Des facteurs importants à considérer

Avant qu’une école malagasy envisage un projet d’embellissement il faut tenir compte de quelques éléments :

  • Le plan d’aménagement de l’école: Il faut prendre en considération les espaces disponibles pour les parterres et les aires de jeux. Identifier les zones potentielles et penser à segmenter les espaces dédiés (p.ex. : pour les activités d’éducation physique).
  • La sécurisation de la cour d’école: Les zébus, poules et chèvres circulent encore en toute liberté dans les villes et villages de Madagascar.
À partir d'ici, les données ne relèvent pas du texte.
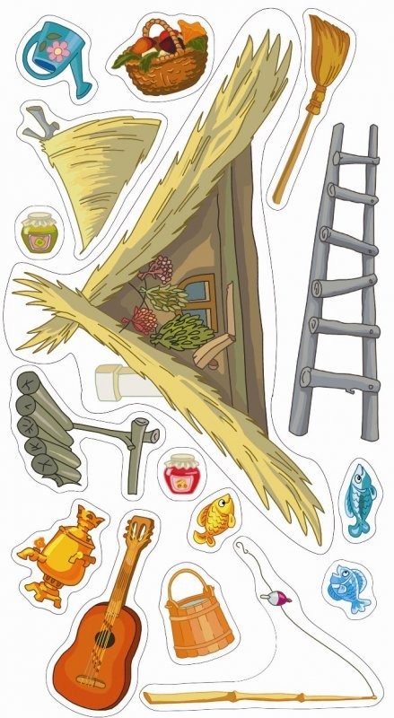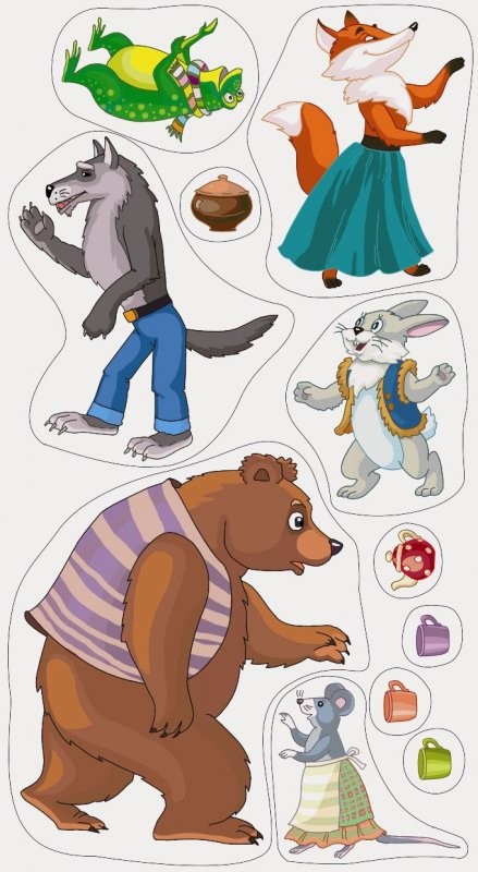 Придумывайте, клейте, играйте – пусть это доставит вам удовольствие и радость! Таким образом, используя воображение, на ярко-красочном поле может развернуться настоящее динамичное театральное представление! Одну и ту же историю или сказку можно разыгрывать много раз, по-новому располагая элементы игры. Предложите Вашему малышу придумать и собственную уникальную сказку.

En installant une clôture ou un muret, on évite que les animaux viennent brouter et déraciner le fruit du travail des élèves et enseignants qui s’investissent bénévolement dans l’entretien des parterres.
  • L’accès à l’eau et le choix des plantes : Entretenir un parterre de fleurs requiert des arrosages fréquents. Une école qui ne dispose pas d’accès facile à l’eau, doit s’interroger sur le type de plantes le plus adapté aux conditions environnementales dans sa localité. Attention toutefois aux plantes pouvant porter atteinte à la sécurité et à la santé des élèves.
  • L’entretien des parterres et des infrastructures : Il faut mettre en place une forme d’organisation adaptée au contexte de chaque établissement et considérer devoir s’investir durant les absences du personnel et des élèves.
  • La rentabilité financière : Mettre en place une aire de jeu ou des espaces verts requiert de l’entretien et donc des dépenses annuelles. Celles-ci ont-elles été prises en considération dans le budget par la direction de l’école avant de s’engager dans le projet ?
  • La cohérence avec les activités de l’école : Rallier les initiatives de l’école avec d’autres programmes ou recommandations émanant de l’Etat ou d’autres organisations, permet de consolider les objectifs visés par la mise en place d’embellissements dans la cour de l’école.

Un conseil aux établissements scolaires : Si mettre en place un projet d’embellissement apparaît complexe, démontrer une participation franche lorsqu’un appui est à disposition rassure d’éventuels collaborateurs. Le démontrent l’engagement de l’EPP Avenue Pasteur dans le maintien des embellissements de 2016 et la participation de la Directrice qui prend à sa charge l’achat de nouveaux plants. Ce sont ces facteurs qui ont incité un particulier du secteur à offrir un toboggan et une balançoire pour agrémenter l’aire de jeu.